BOOK REVIEW: Love Becomes A Funeral Pyre by Mick Wall
Hatchette Australia, October 2014, $32.99
Reviewed by Shane Pinnegar
9/10

Think you know all there is to know about self-styled shaman Jim Morrison and The Doors? Think again!

Mick Wall has dug deeper down the rabbit hole than anyone ever dared before, exposing the lies inherent in the myth perpetuated by the other members of The Doors and their management, and that propagated by Oliver Stone’s eulogising bio-movie of 1991. Along the way he interviews hundreds of key and bit players, uncovering damaged souls, dark entreaties, forbidden desires, corrupt business deals and, above all, the shocking self-destructionism of their frontman.

Forever remembered as the ‘young lion’ portrayed in Joel Brodsky’s iconic 1967 photographs, stories of Morrison’s self-sabotaging, alcoholism and seeming death wish have been sugar-coated and placed on a pedestal by generations of fans who believe the glorious myth that the intellectual poet was on a scientific and euphoric mission to unlock the universe’s secrets through chemical means and ‘break on through’ the ‘doors of perception’.

Wall paints a very different picture: that of a spoiled and selfish man who used his superior knowledge to justify the very worst behaviour. The Morrison in this book has a taste for young men almost as much as women, treats those who offer kindness with the worst abuse, and those he loved the most with the worst degradation.
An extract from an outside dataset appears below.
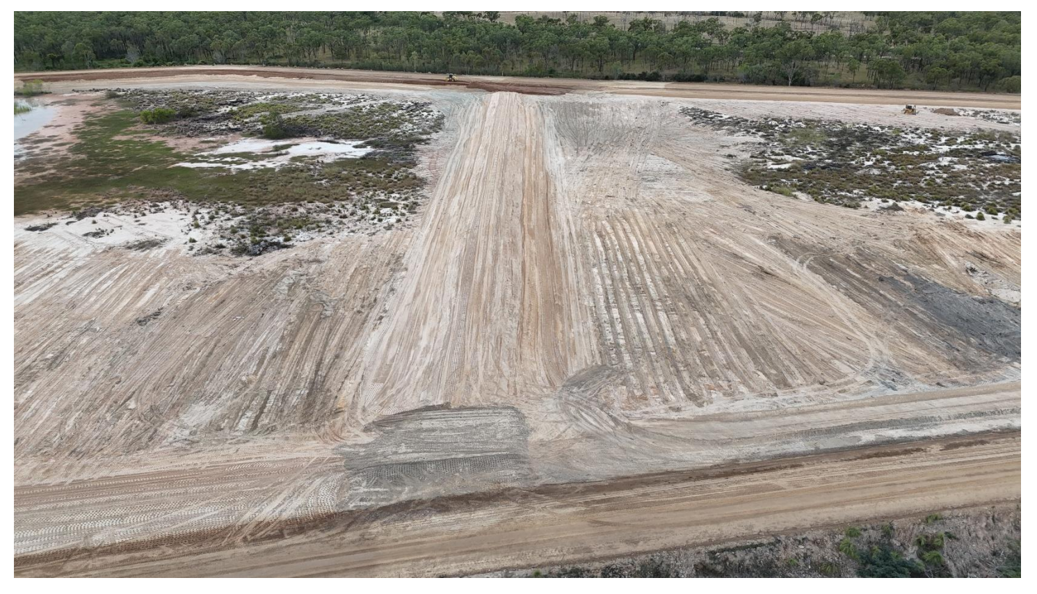
Figure 9: TSF temporary bund wall separating northern and southern cell

He has no regard for those around him – their happiness, welfare, career, nothing.

Wall presents a believable case, backed up by many witnesses, from girlfriends and drinking buddies, record company cohorts and journalists. It’s a seedy tale made more shocking because in the past we thought his death wish alcoholism was fuelled by passion. Here it is fuelled by hatred – of himself and of everything around him which could be good.

Love Becomes A Funeral Pyre is a riveting read, though not always a pleasant one. Confronting and at times bludgeoning in its details of Morrison’s alleged treatment of himself and others, Wall paints a bleak picture of a man who refused every attempt to help him, to the point that everyone around him stopped trying.

Wall is critical of many in The Doors organisation, not least Ray Manzarek for perpetuating the fantasy memory of Morrison, but his biggest contempt is reserved for Danny Sugarman, who barely rates a mention in The Doors’ story apart from off the back of the No-One Gets Out Alive book he co-wrote with Jerry Hopkins. Wall contends that although Sugarman passed himself off as an insider to The Doors world, he barely saw through a crack in the door, and that the book was a prime culprit in the aforementioned invention of the myth of Jim Morrison.